Mais le documentaire est aussi entrecoupé de séquences dévoilant le quotidien de l’artiste. Contrairement à d’autres chanteuses de son registre, Ariana Grande ne cherche pas à jouer le rôle de la “femme fatale”. Elle y préfère celui d’une poupée, à la fois fragile et mignonne. En spectacle, elle s’habille de rose bonbon ou de rouge pailleté, parfois avec une sucette à la main. En dehors de la scène, elle continue à cultiver son personnae. Ainsi, filmée pendant les dernières répétitions avant la tournée, elle apparaît dans un sweat-shirt extra-large, dansant avec une poupée gonflable…
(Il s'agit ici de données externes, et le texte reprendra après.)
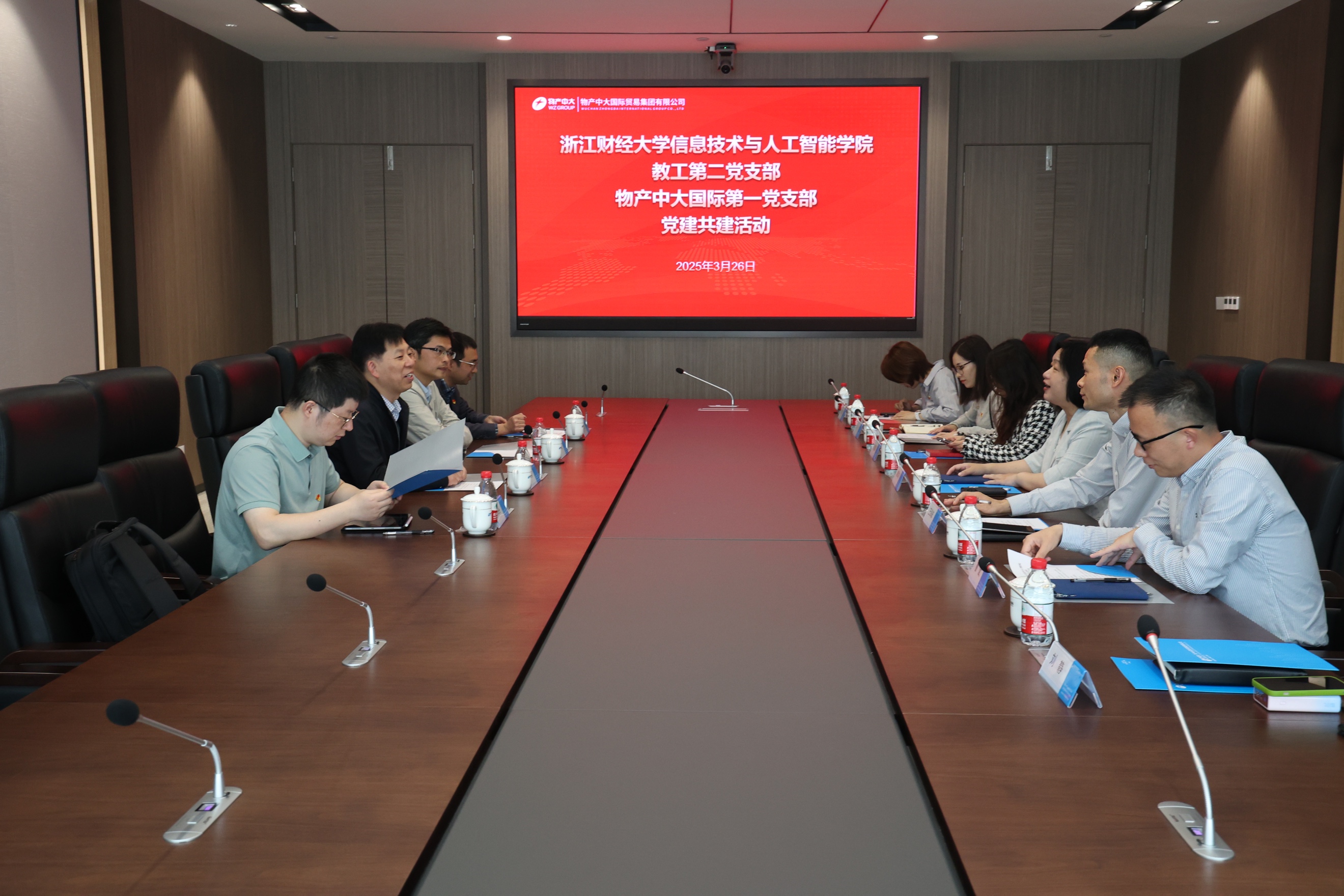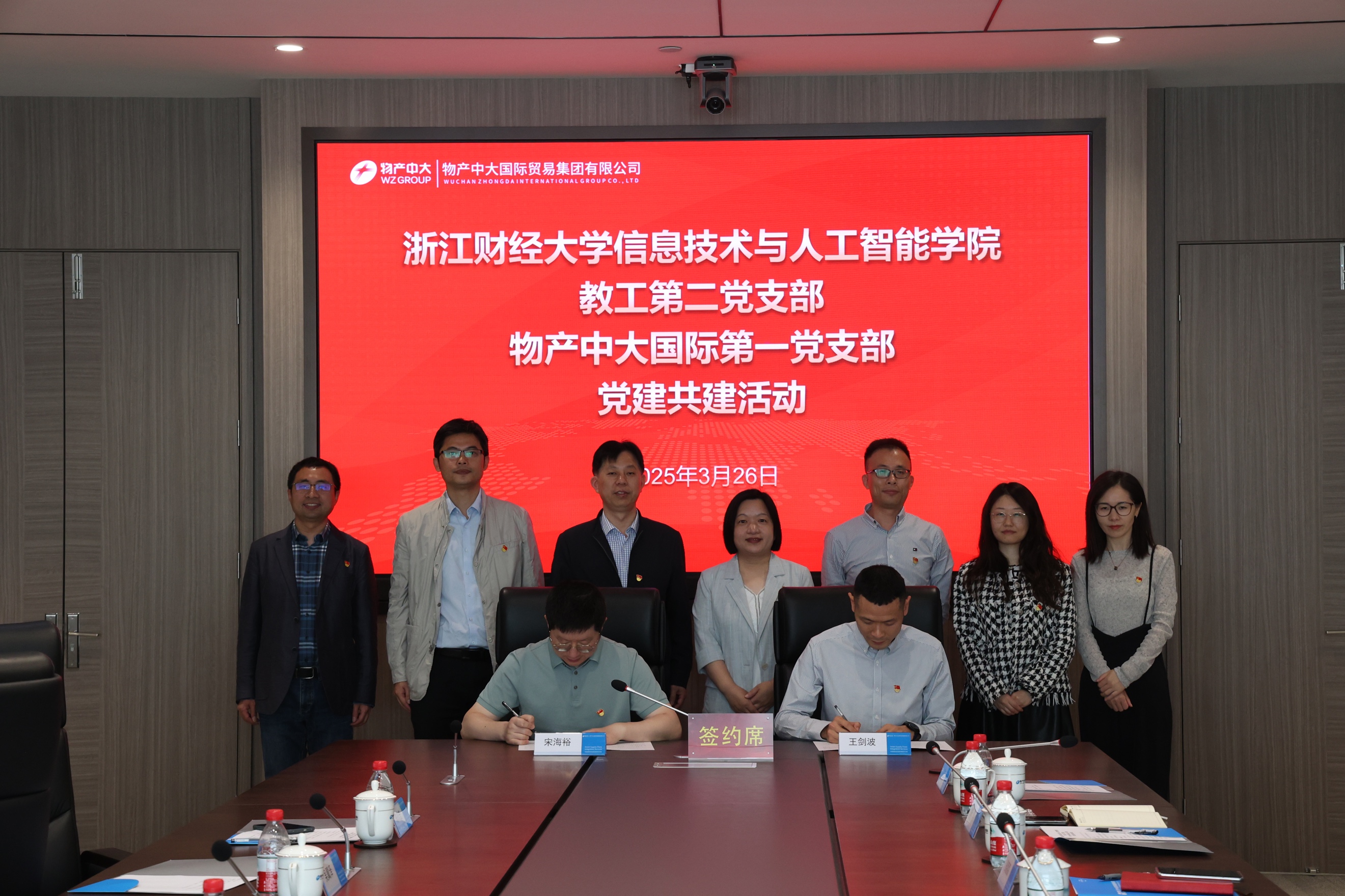 教工第二党支部与物产中大国际贸易集团有限公司第一党支部开展党建共建活动。学院院长张帅、党委书记吴翼泽率队赴物产中大国际交流,双方签订支部共建协议。物产中大国际党委副书记、副董事长、纪委书记、工会主席葛军燕,学院教工第二党支部书记宋海裕、人工智能系主任陈琰宏,物产中大国际第一党支部书记、首席专业技术经理、运营管理中心总监王剑波,物产中大国际党群部、纪检室、工会办公室主任张蔻蔻,数字科技部总监曹斌等有关人员参加了活动。
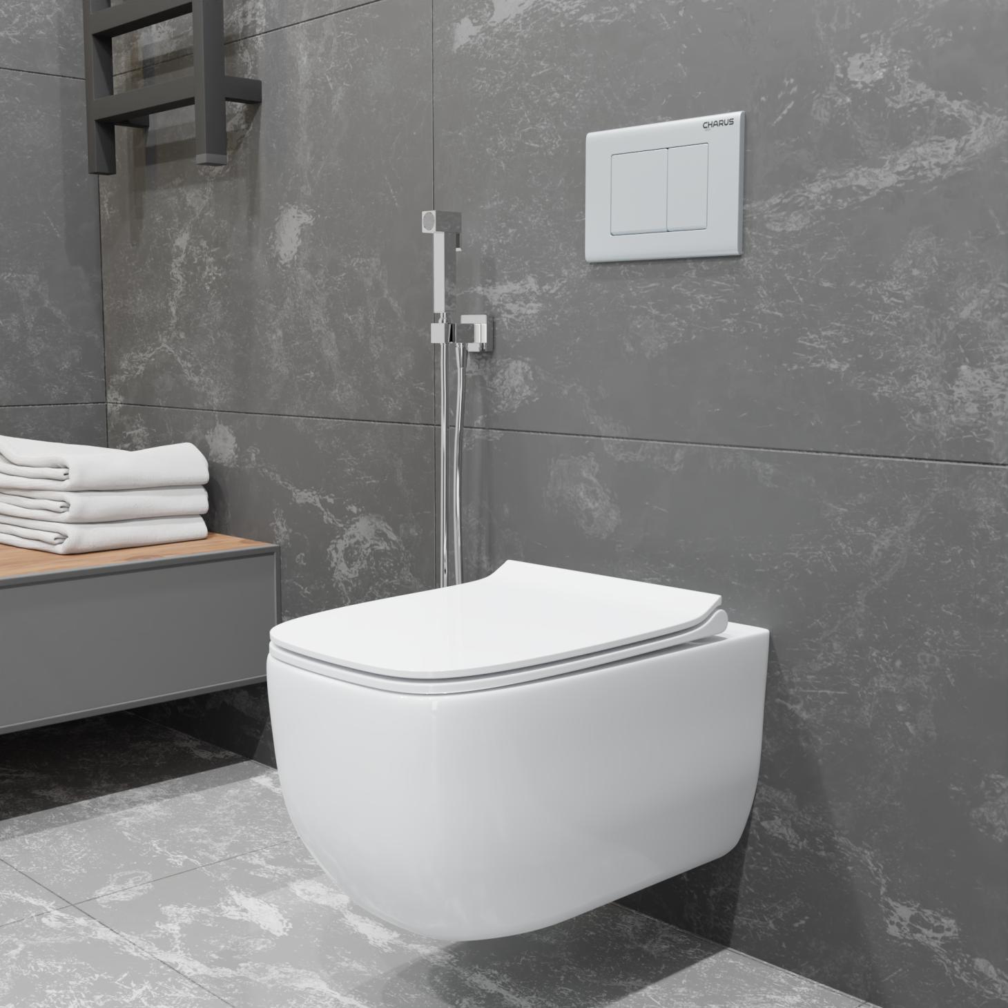 Безободковый подвесной унитаз с горизонтальным выпуском в стену c легкосъемным сиденьем с функцией микролифт в комплекте

Et même dans les coulisses, l’artiste ne perd pas sa majesté. À peine sortie de scène, elle se change en vitesse, sans que la moindre goutte de sueur ne perle son front. Son maquillage est intact, sa peau est lisse et satinée. Elle est toujours parfaite.

Une grande famille

Autre leitmotiv du documentaire, montrer la grande complicité entre la chanteuse et son équipe. À plusieurs reprises, Ariana Grande est filmée en train de prendre un membre de son équipe dans les bras, de le remercier ou de rire avec lui. Les frères Brian et Scott Nicholson, chorégraphes sur la tournée, sont présentés comme les meilleurs amis de la star, l’un de ses managers est qualifié de “meilleur humain”, et son coiffeur d’”icône”

Londres. Applaudissez bien fort chaque danseuse du Sweetener World Tour !”, lance la star : Ariana Grande valorise ses équipes et cela se voit aussi sur scène. Ses danseurs jouent un vrai rôle dans la mise en scène et viennent compléter la performance de la chanteuse. Ils interagissent avec elle, jouent des personnages et ont le droit à plusieurs solos de danse. Le titre Excuse me, I love you (excusez-moi, je vous aime) dit bien l’esprit “grande famille” que la star veut transmettre.

“Cette nouvelle tournée m’a sauvé la vie”

De même, le ton est toujours à la joie et la bonne humeur. Ariana Grande montre quelques fois des signes de fatigue, mais ils sont vite gommés par son excitation de la scène. Pourtant la jeune star n’a pas été épargnée par les épreuves ces dernières années : le décès de son ancien compagnon le rappeur Mac Miller, sa séparation avec Pete Davidson et surtout l’attentat terroriste à la bombe perpétré à la sortie d’un de ses concerts à Manchester en 2017.

Le documentaire ne les évoque pas, hormis à quelques rares moments. Dont cette belle séquence de la fin du film où la chanteuse, entre deux larmes, remercie son équipe avant de monter du scène : “Une chose est sûre, cette nouvelle tournée m’a sauvé la vie”.

“Ariana Grande : Excuse me, I love you” de Paul Dugdale, disponible sur Netflix.